We also must exclude the logging starter module anywhere we use a Spring Boot starter module:

<dependency>
    <groupId>org.springframework.boot</groupId>
    <artifactId>spring-boot-starter-web</artifactId>
    <exclusions>
        <exclusion>
            <groupId>org.springframework.boot</groupId>
            <artifactId>spring-boot-starter-logging</artifactId>
        </exclusion>
    </exclusions>
</dependency>

Now we can define a new appender in our log4j.xml file:

<appender name="graylog" class="org.graylog2.log.GelfAppender">
    <param name="graylogHost" value="<GRAYLOG IP>"/>
    <param name="originHost" value="localhost"/>
    <param name="graylogPort" value="12201"/>
    <param name="extractStacktrace" value="true"/>
    <param name="addExtendedInformation" value="true"/>
    <param name="facility" value="log4j"/>
    <param name="Threshold" value="INFO"/>
    <param name="additionalFields" value="{'environment': 'DEV', 'application': 'GraylogDemoApplication'}"/>
</appender>

This will configure all log messages with INFO level or higher to go to the Graylog appender, which in turn sends the log message to the Graylog server.

3.2. Other Logging Frameworks

The Graylog marketplace has additional libraries that support a variety of other logging frameworks such as Logback, Log4J2, and more. Just beware that these libraries are not maintained by Graylog. Some of them are abandoned, and others have little or no documentation.

Caution should be used when relying on these 3rd party libraries.

3.3. Graylog Collector Sidecar

Another option for log collection is the Graylog Collector Sidecar. The sidecar is a process that runs along a file collector, sending log file contents to a Graylog server.

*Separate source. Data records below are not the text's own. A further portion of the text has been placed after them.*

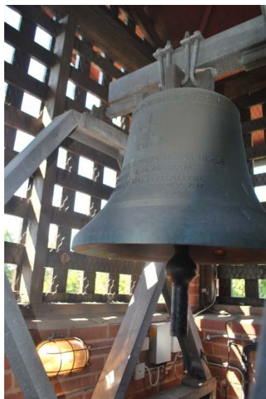
Klocka i klockstapel.
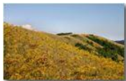
Libellula: Calopteryx virgo

Pietro Marcheselli - Canon EOS 300D 2010 - Estate - Savignone - Fiori&Fauna
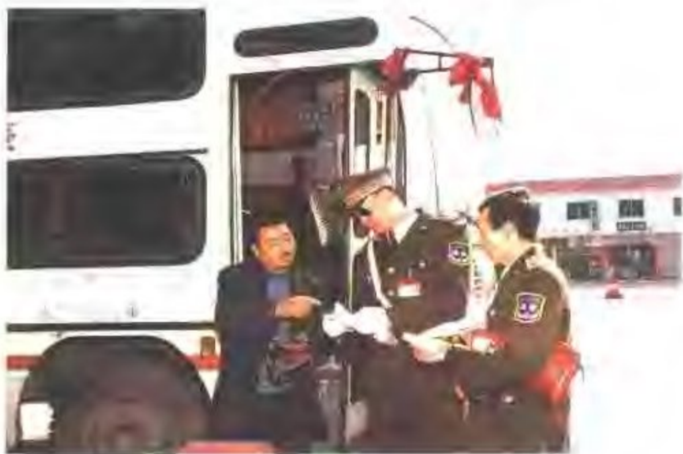
市交通局大冲稽查站检查321国道车辆的行驶
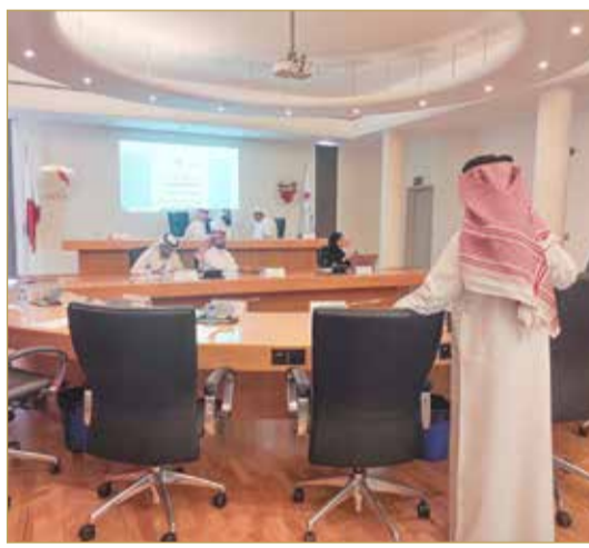
مشاورات منصة الرئاسة قبل فض الجلسة

The Sidecar is a great option for applications where changing log configuration files isn’t possible. And because it reads log files directly from disk, it can also be used to integrate log messages from any platform and programming language.

4. Viewing Messages in Graylog

We can use the Graylog dashboard to confirm successful delivery of our log messages. Using the filter source:localhost will show the log messages from our sample log4j config above:

graylog log messages dashboard

5. Conclusion

Graylog is just one of many log aggregation services. It can quickly search millions of log messages, visualize log data in real-time, and send alerts when certain conditions are true.

Integrating Graylog into a Spring Boot application only requires a few lines of configuration and without any new code.

Code samples, as always, can be found on GitHub.